Созерцание неразрешимого вопроса — один из вечных подступов к Богу. Можно даже сказать, что неразрешимый вопрос — один из ликов Бога.
Когда я внутренне собираюсь
Перед предельно разомкнувшимся да и нет, —
Я не иду дальше, я созерцаю;
И когда созерцаемое уклоняется,
Я созерцаю безусловнее, я стою на коленях,
Пока не раскрою его в себе.
Подвижникам Дальнего Востока помогал метод коанов, то есть заведомо неразрешимых вопросов. После «великого сомнения», после отчаянья, которого иные не выносят и даже теряют разум, люди приходили к просветлению. Насколько я понимаю, суть здесь не в решении одной загадки (или нескольких таких иррациональных загадок), а в созерцании всей жизни под образом неразрешимого вопроса. Что-то вроде парадокса Кришнамурти: «Только неправильные (то есть поверхностные. — Г. П.) вопросы имеют ответ. Правильные (глубочайшие) вопросы не имеют ответа».

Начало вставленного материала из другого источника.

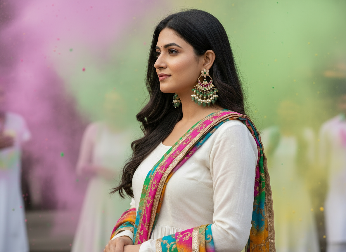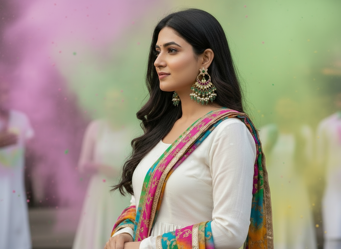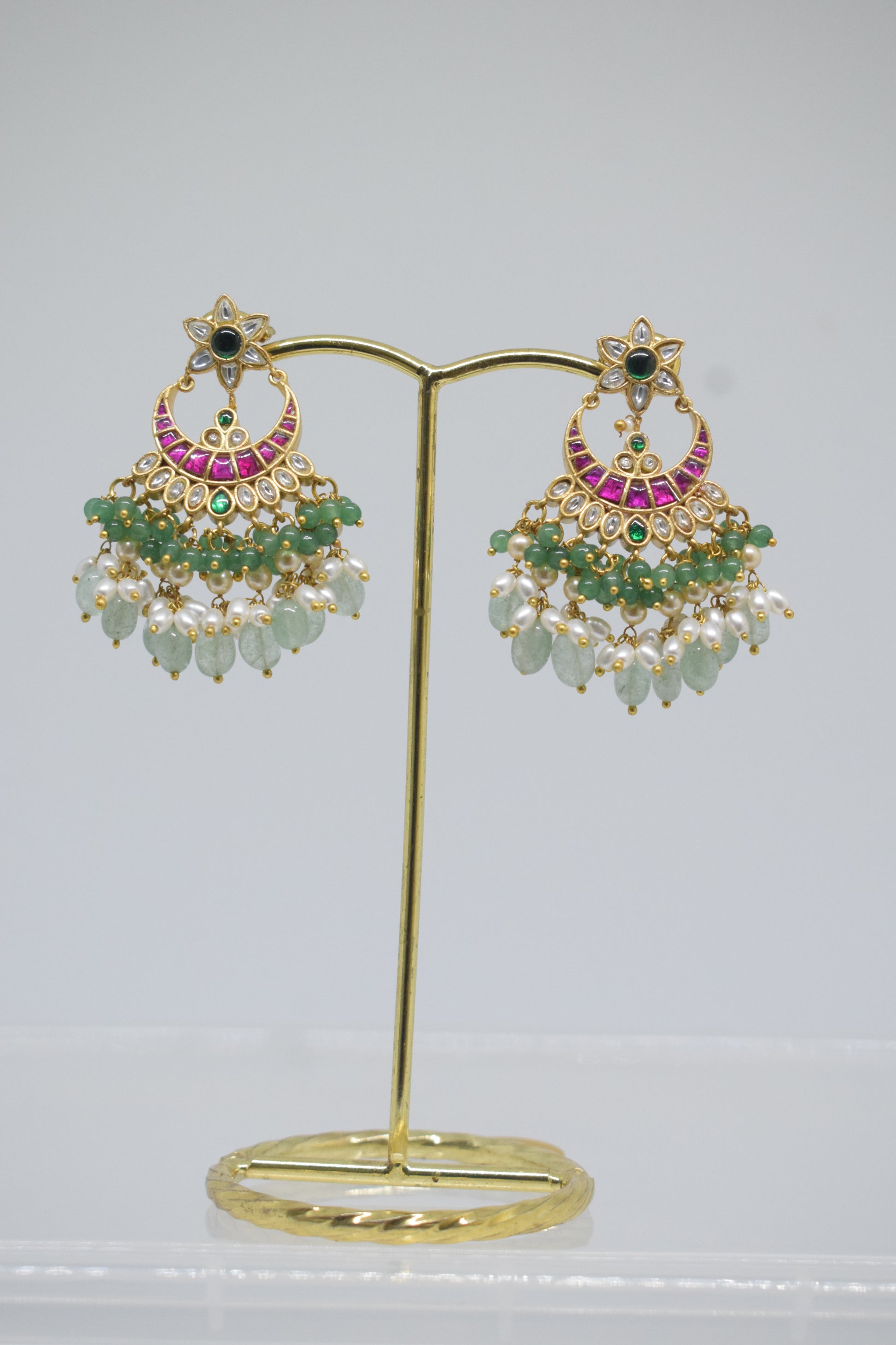 Elevate your festive look with these Jadau Kundan Chandbalis, featuring exquisite green beads that reflect premium craftsmanship. Perfect for parties, marriages, and special events, their elegant design enhances any traditional attire with sophistication.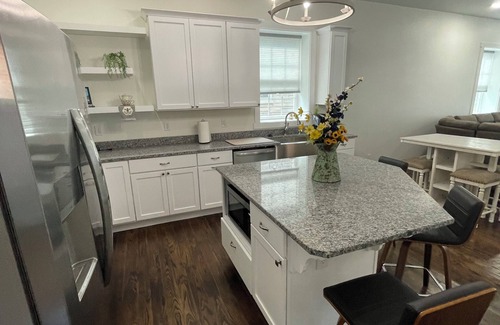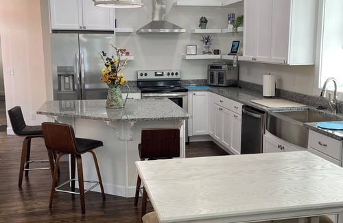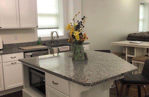 One of the original owners, a carpenter, moved into the house in 1907 and added the side hall onto the east side of this shotgun house, giving it the privacy needed for the family. He had immigrated from Germany and took a job working at the button factory in town. Hardwood floors, a modernized full kitchen with granite countertops, and king-sized beds with full tiled bathrooms make this house a comforting getaway.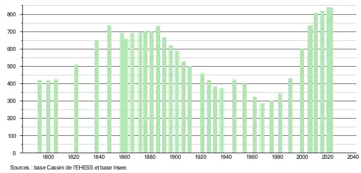 L'évolution du nombre d'habitants est connue à travers les recensements de la population effectués dans la commune depuis 1793. Pour les communes de moins de 10 000 habitants, une enquête de recensement portant sur toute la population est réalisée tous les cinq ans, les populations de référence des années intermédiaires étant quant à elles estimées par interpolation ou extrapolation[14]. Pour la commune, le premier recensement exhaustif entrant dans le cadre du nouveau dispositif a été réalisé en 2005[15].
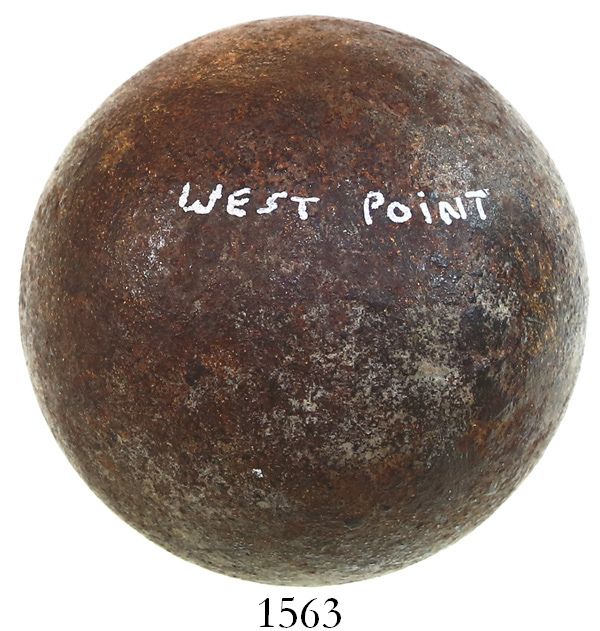 Iron cannonball (6 pounder) from West Point, New York, American Revolutionary War period. 2821 grams, 3-1/2" in diameter. Choice original condition, with no pitting or corrosion, just a smooth, rusty-brown color all over, with WEST POINT in silver ink on side.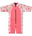 Beautiful Splash About wetsuit in pink with a nice print of strawberry in beautiful colours on the sleeves and along the sides. On the chest is also a colorful print.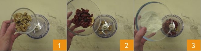 Pour préparer la bûche salée végétarienne, commencez par le pesto. Dans un mixeur, versez les cerneaux de noix 1, les tomates séchées pas trop égouttées 2 et le Pecorino râpé 3.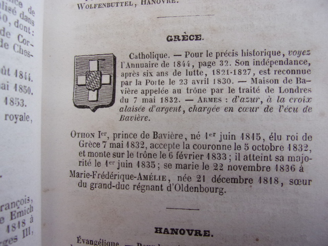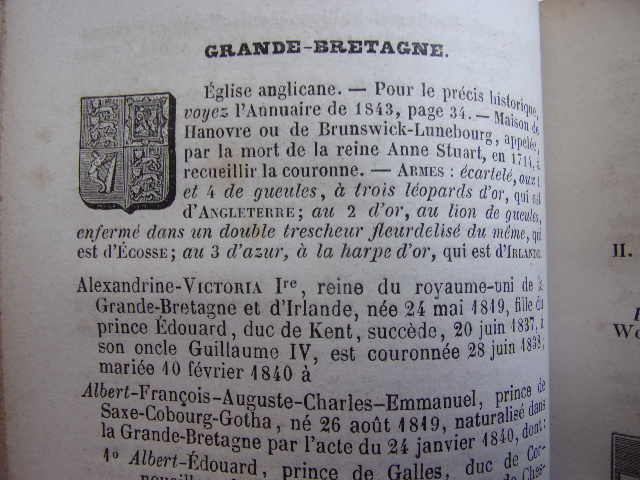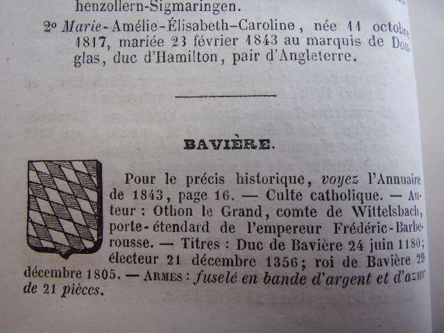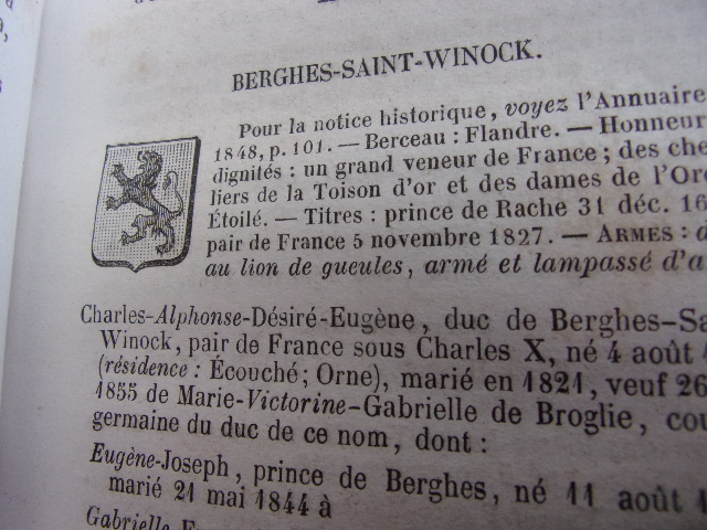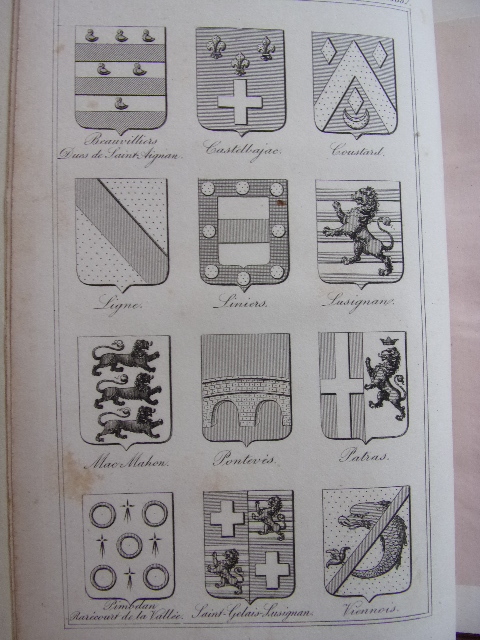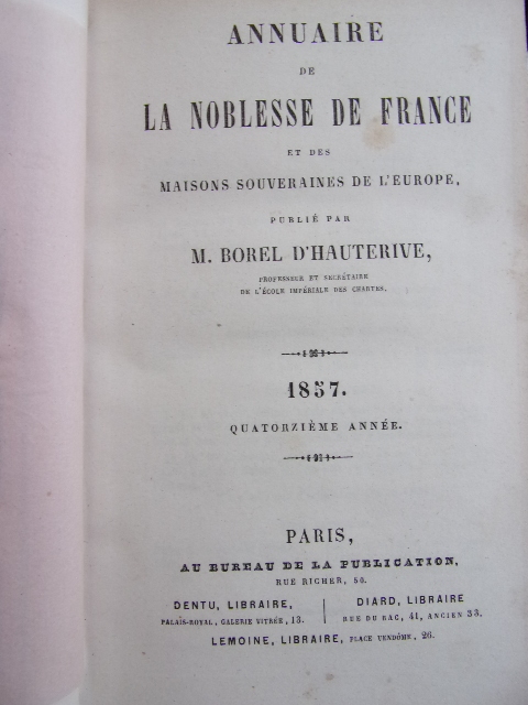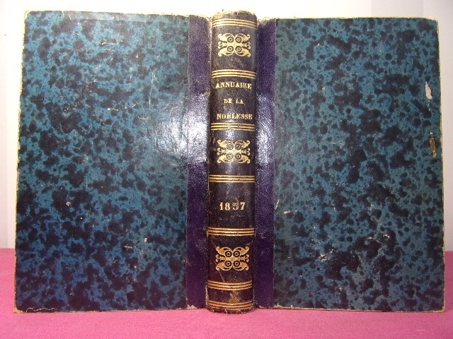 ANNUAIRE DE LA PAIRIE ET DE LA NOBLESSE DE FRANCE 1854 des Maisons Souveraines de l'Europe et de la Diplomatie publié sous la direction de M. Borel d'Hauterive 4 planches de blasons hors texte sous serpente ( dont Nobiliaire d'Artois), Vue du Château de Pommier; blasons et armoiries in texte. vol relié demi cuir, 180x120, frottements, bel état intérieur, 386pp. Paris, Au Bureau de la Publication, et Dentu, Leipzig, Franck, et Berlin, Asher. 1857 D'autres années en vente, groupez les achats !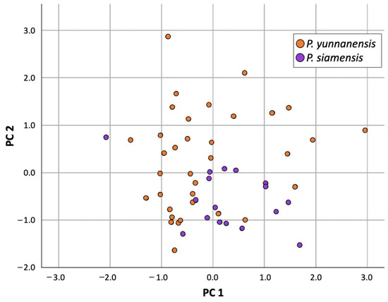 Principal Component Analysis results (PC1, PC2) of P. yunnanensis and P. siamensis in the flowering state.

Подпольный человек Достоевского говорит, что стена не смиряет его. Он стоит перед стеной неразрешимого вопроса и мучается задачей, не имеющей решения, хотя знает, что ничего не добьется. Стена, неразрешимое — это не успокоение, а призыв к воле, к постоянному внутреннему напряжению. Может быть, оно не пробьет стену; но вечное напряжение и само по себе что-то значит. Бог велел жить напряженно, жить с углем в груди. И если даже этот уголь только жжет и духовное пробуждение не дается, то ведь тлеющий уголь и сам по себе — начало огня. Уже не глухой сон, а тревожный полусон, и в груди мелькают искры света и появляется способность узнавать тех, кто пробудился.
В моих отношениях с Леонидом Ефимовичем Пинским ученичество сохранилось чисто внешне. Последние десятилетия мы скорее перекликались. Но что меня всегда захватывало — это его горячность, страстность, неспособность примириться на полурешении, жажда дойти до конца, отказ смириться перед неразрешимым. Бог хочет от нас. чтобы мы страстно рвались к высшему бесстрастию. Бог живет в страстях и мучениях грешника не меньше (может быть, больше), чем в размеренной жизни праведника. Видеть неразрешимое, не смириться перед ним, хранить боль в груди и в страдании постигать жизнь — через это идет мой духовный путь.
Самые обыденные житейские неразрешимости — подобие непостижимого перехода от человека к Богу. Разве нелепый вопрос — как звучит хлопок одной ладони — не стал великим коаном?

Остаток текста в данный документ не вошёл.